We have demonstrated the expression of CD3a and S-100 protein molecules on porcine immune cells populating the gut-associated lymphoid tissues (GALT). The distribution patterns of CD3a^+ and S-100 protein^+ cells within GALT compartments, such as jejunal and ileal lamina propria (JLP and ILP), and ileal Peyer’s patches (IPP) of juvenile 8-week-old, conventionally reared pigs were examined using double staining immunohisichemical methods.

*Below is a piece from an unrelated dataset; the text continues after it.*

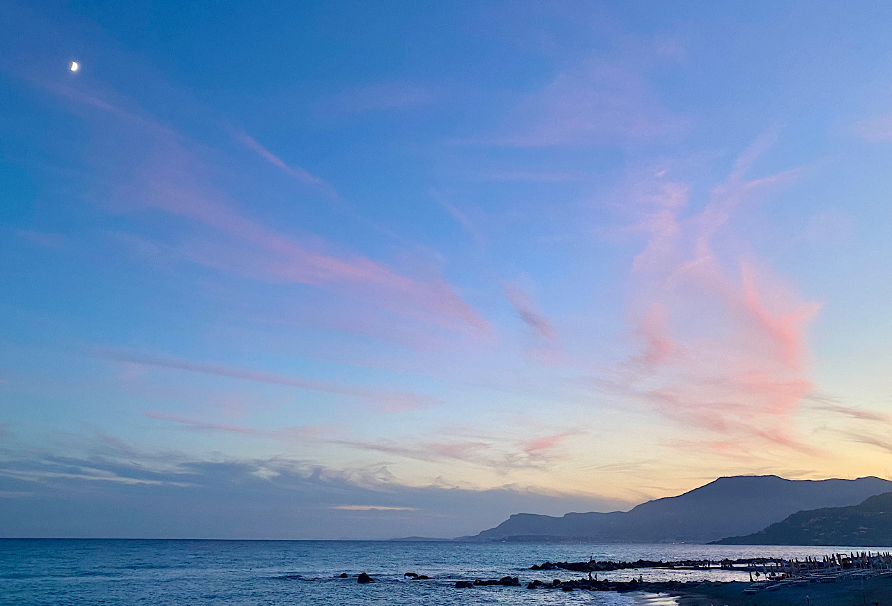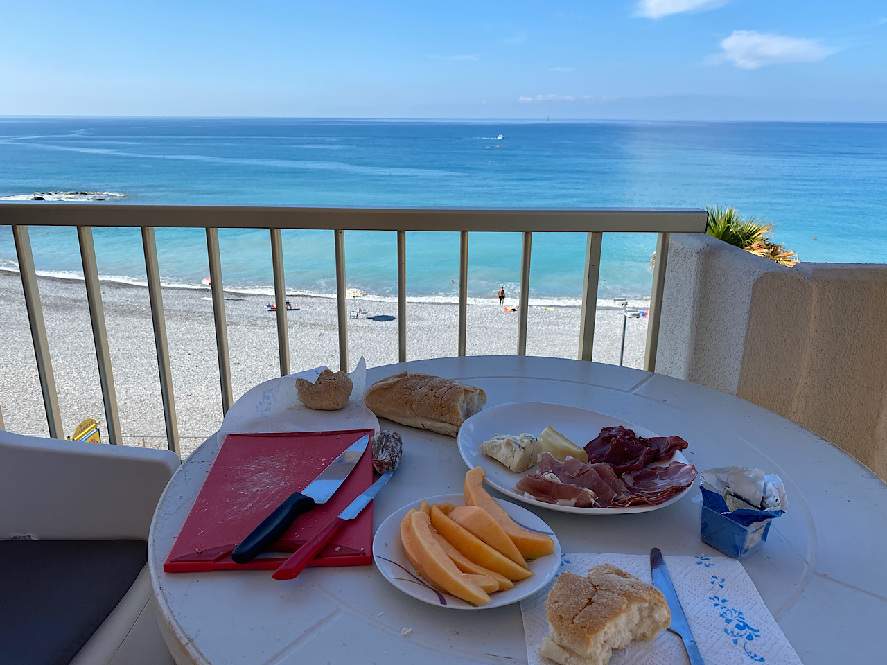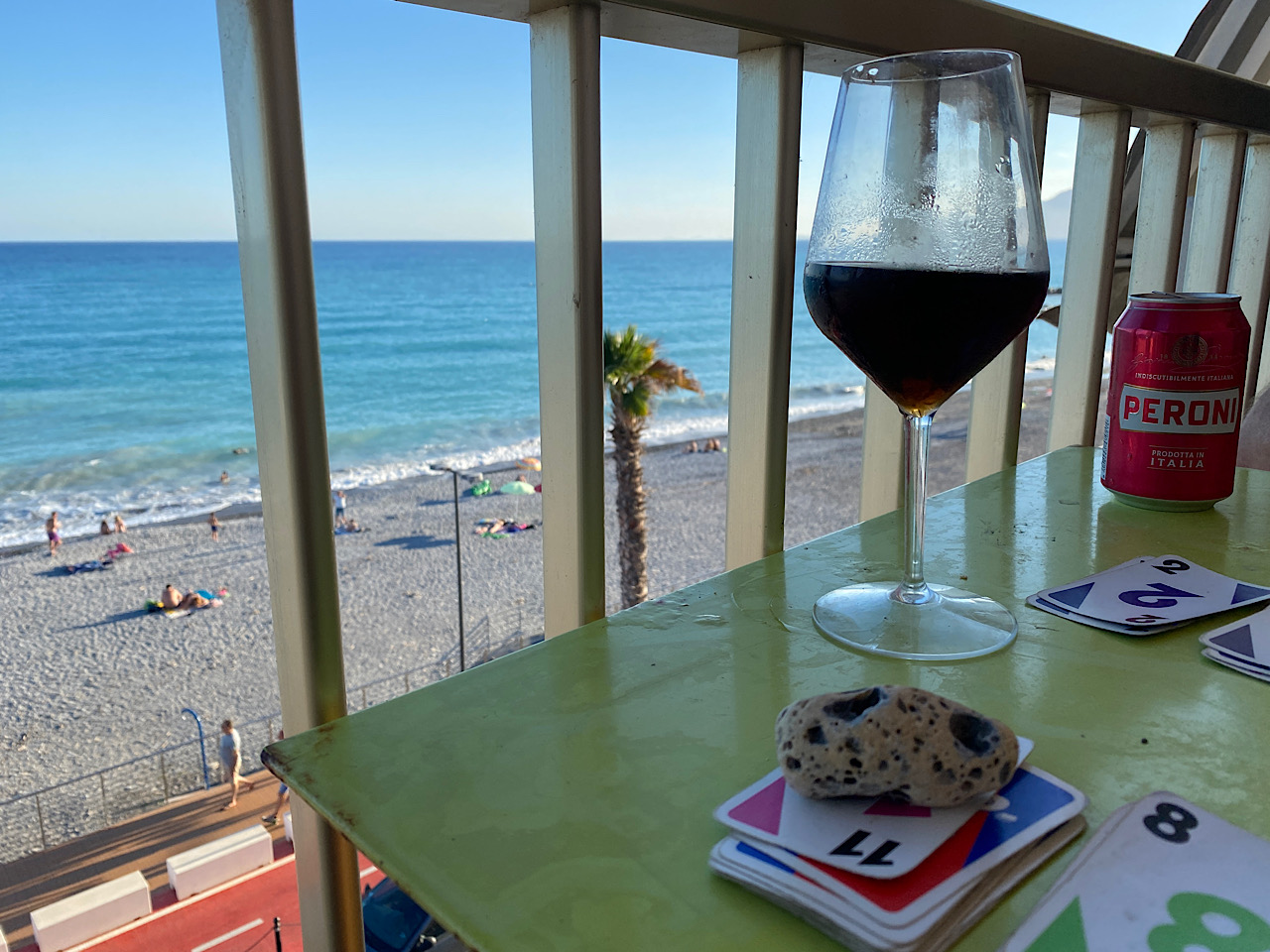 Um 18 Uhr gehen wir back home, geniessen einen Apéro auf Balkonia, denn wir wollen am Abend essen gehen. Und hier zu Hause mit diesem Traum Blick auf das Mittelmeer können wir einen Apéro nehmen, ohne all zu gesättigt weiter zu gehen !! Viva Italia !!

The samples of jejunum and ileum were fixed in methanol-chloroform-acetic acid and embedded in paraffin and processed for immunohistochemical staining. The S-100 protein marker was detected by polyclonal antibodies (pAbs) using peroxidase-antiperoxidase (PAP) staining, and subsequently, the CD3a antigen was identified by monoclonal antibodies (mAbs) using avidin-biotin complex (ABC). The use of rabbit anti-bovine S-100 protein pAbs, in the PAP method, revealed numerous mononuclear cells around the crypts of JLP and ILP, and in the IPP. Solitary S-100 protein^+ cells were present among capillary endothelial cells of JLP and ILP. In the ABC method, using mAbs against CD3a epitope of porcine T cells, we have found that the most numerous CD3a^+ cells were intraepithelial lymphocytes and T cells between IPP. These cells were rarely distributed in the lamina propria and practically absent in the crypts. Double positive, CD3a^+ S-100 protein^+ T cells were sporadically (if any) demonstrable in the ILP, and thus, their assignment as porcine orthologue of the human CD8^+ CD11b^+ S-100 protein^+ suppressor lymphocytes seems to be unlikely. Hence, their role in down regulation of porcine intestinal immune responses still remains to be definitely established.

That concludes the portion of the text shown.